Visiting Japan holds a unique set of social norms to adhere to during your visit. These tips offer travelers the best practices to avoid accidentally offending Japanese people and ensure an embarrassment-free vacation at your desired destination.
Who isn’t happy when they are on vacation in an exotic foreign land? You’ll likely walk around with a look of happiness on your face, and seek to engage the people who live there.
Walking down an often crowded street in Japan, you may feel the need to look at or greet other people as you pass them. This is a no-no in Japan. They keep their eyes cast anywhere other than your face as they pass you. Making small talk is just not a part of their nature. The exclusion to this is in shopping settings and bars, where they are most likely to freely engage in pleasant exchanges.
This makes me yawn just thinking about yawning. As a language instructor, my job was speaking for many hours of the day. It became tiring on my throat and in order to sneak one in, I’d drop my pencil under the table and quickly yawn to stretch my vocal cords. Bizarrely, yawning is an extremely rude thing to do in Japan akin to passing gas in public. The single time I forgot and did it in a class, visible disgust was evidenced by students, and I was promptly given a throat lozenge.

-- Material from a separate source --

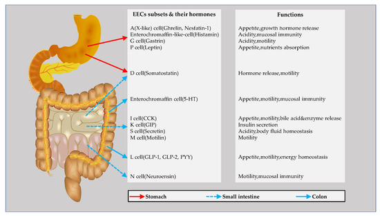 Schematic illustration of enteroendocrine cell (EEC) subsets in the gastrointestinal tract, as well as a demonstration of the major secretary hormones and their functions. 5-HT, 5-hydroxytryptamine; CCK, cholecystokinin; GIP, glucose-dependent insulinotropic peptide; GLP-1, glucagon-like peptide-1; GLP-2, glucagon-like peptide-2; PYY, peptide YY.

“But I’m not a smoker”, you might say. This rule will affect you nevertheless, and visitors from western countries may experience a higher degree of disorientation than other countries with more relaxed smoking policies.
In Japan, smoking outdoors is prohibited except for designated areas. However, this can be inconvenient, so many people smoke in indoor designated areas to enjoy their desired habit, including cigarettes, vapor pens, and cigars. Here is why that makes a difference to you even in you don’t smoke.
A lot of people smoke in Japan and since they do it indoors, you will find thick smoke permeating every square inch of many eateries, bars, karaoke facilities, and other popular indoor destinations. For people allergic to smoke, or folks who don’t smoke, the cloying atmosphere can be a real downer. Look for super mainstream locations to avoid this, such as brand hotels like Marriott (マリオット) or Hilton (ヒルトン) properties. Expect every other restaurant, coffee shop and bar, though, to be hosting a smokers’ lounge.
The Japanese take tremendous pride in their country and its environment. Littering, including throwing a cigarette butt on the ground, will elicit angry looks, and may even incite someone to chatter angrily at you while they pick up your litter and dispose of it. It is also possible to get fined if you are spotted littering. Use the recycling bins provided.
You can easily enjoy your vacation without feeling like an awkward tourist by following these simple travel tips. The Japanese people welcome visitors, yet it’s uncomfortable for everyone when a faux pas is committed. With some thoughtful self-awareness, you will avoid this altogether. Have a great trip!